Son Güncelleme: 30.07.2025 - 11:33
Red Sea Film Fonu, Emad Eskander'in direktörlüğünde Arap, Afrika ve Asya'da film finansmanında önemli bir rol oynuyor. Fon, geliştirme, yapım ve yapım sonrası aşamalardaki projeleri dört farklı döngüde destekliyor. Eskander, Suudi Arabistan'ın ilk uluslararası film festivali olan Kızıldeniz Uluslararası Film Festivali ile sürdürülebilir bir sinema ekosistemi kurmayı hedeflediklerini dile getirdi.
"Umarım sürdürülebilirlik söz konusudur," diyen Eskander, festivale 2021'de başladıklarını ve kısa sürede birçok başarıya imza attıklarını ifade etti.
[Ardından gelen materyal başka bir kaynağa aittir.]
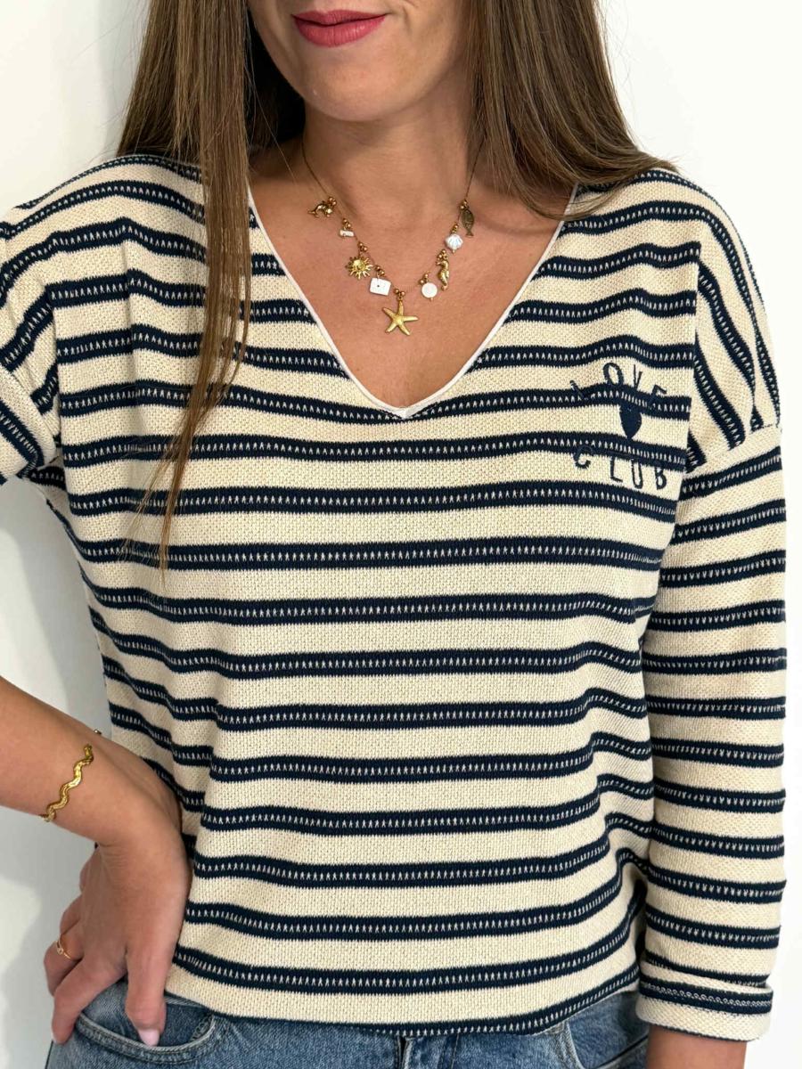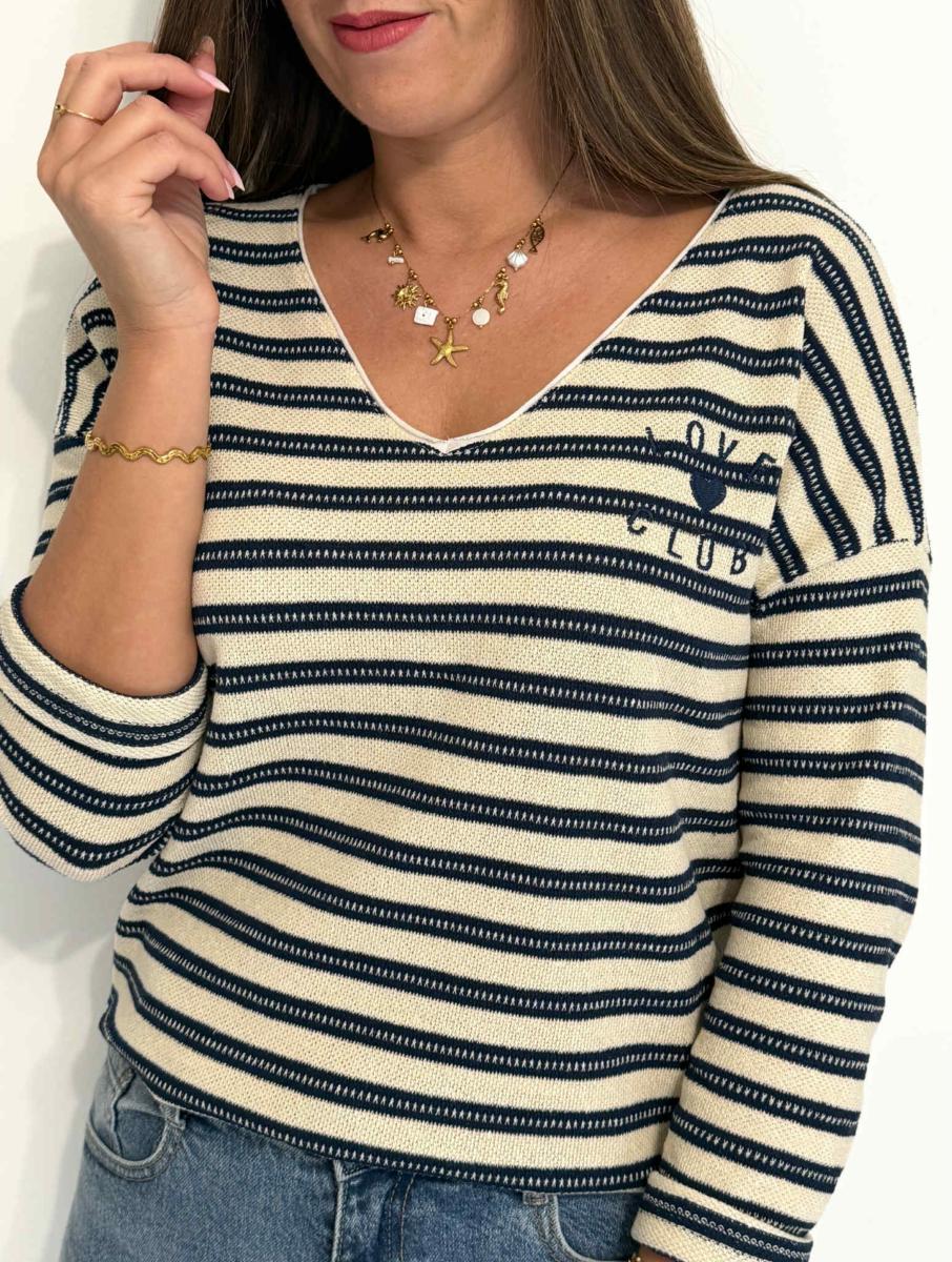Pull à rayures.

Film yapabilmek için finansmanın kritik bir ihtiyaç olduğunu vurgulayan Eskander, "Bir şey yapmak istiyorsanız yer, ekipman kiralamanız gerekiyor. Bu konuda paraya ihtiyacınız var. Bu da fonlardan geliyor. Özellikle bağımsız sinema için bu geçerli. Çünkü büyük stüdyolar, ticari filmler için bir tür destek alırlar. Yatırımcıların gelmesini beklersiniz. Ama bağımsız sinema, bir film yapımcısı olarak ne söylemek istediğinizle ve birçok insanda neyin yankı uyandırdığıyla ilgili," şeklinde konuştu.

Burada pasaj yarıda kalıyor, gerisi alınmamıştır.